What you are trying to reframe is called "the baseload myth" which proposes (with absolutely no proof) that the most effective, least expensive way to deliver energy to the end user is by building large centralized units that run as much as possible.
It simply isn't true. It is the system we presently have, but that system is an artifact of decisions made when external costs of energy were not considered and fossil fuels were thought to be a great boon to humankind. The ability to run 80% of the time isn't a technical necessity, it is an economic characteristic that forms the backbone of one possible grid configuration. The alternative is a distributed renewable grid; in the long run the change will provide us a cheaper, safer, more dependable and more sustainable energy system.

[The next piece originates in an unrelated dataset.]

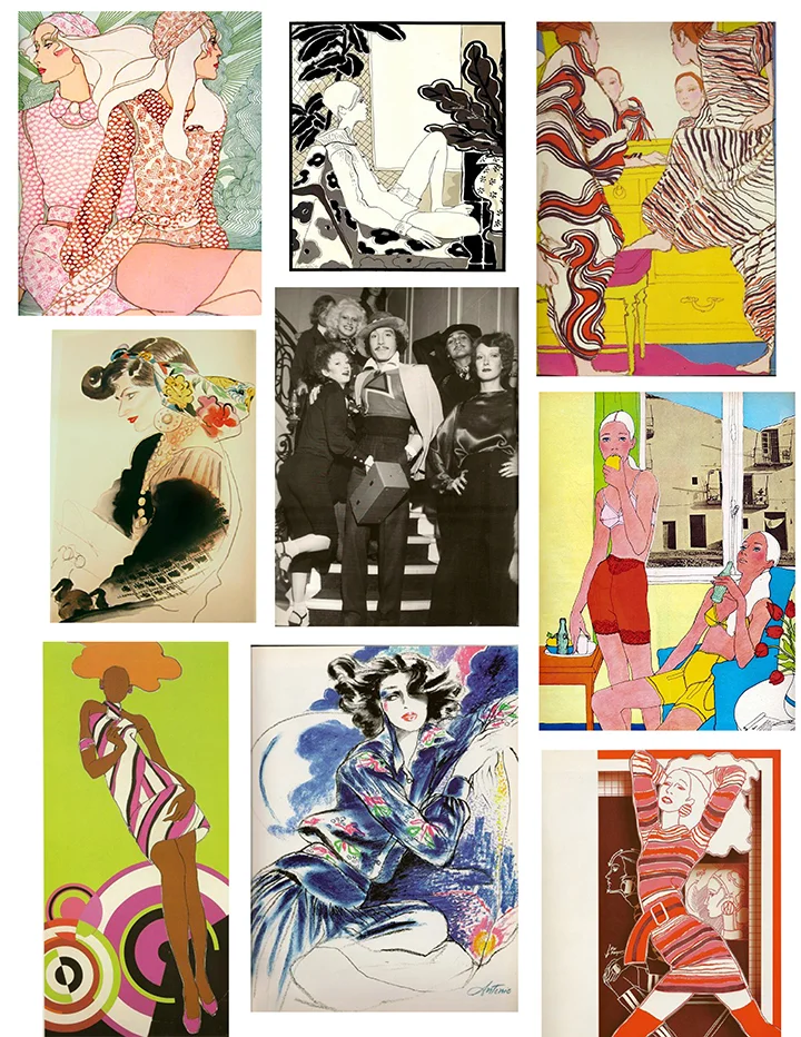 Antonio was the name in fashion illustration throughout the 70s-80s. I love his range of styles and attention to detail of fabrics and color. He was often called the "Pied Piper of Fashion" with his own flair for style—befriending models and helping to launch the careers of Jerry Hall, Grace Jones and Jessica Lange. His work appeared on the pages of numerous publications including Vogue, Vanity Fair and Interview to name a few. A recent revival of some of his artwork can be seen in a 2013 MAC makeup campaign celebrating his creations.

If we wanted to use nuclear plants to deliver the same power the solar panels delivered, the cost would be astronomical. Already, electricity from nuclear nuclear plants is some of the most expensive on the market, and that is with the plants predicted to operate more than 80% of the time and a payback period of 40-60 years. If we cut that operating time to 20% then the electricity would be upwards of $1/kwh. (average in US is $0.10/kwh and averge in Germany is $0.30/kwh.
We can and will replace the centralized thermal grids with distributed renewables; that is established by the limits of resources.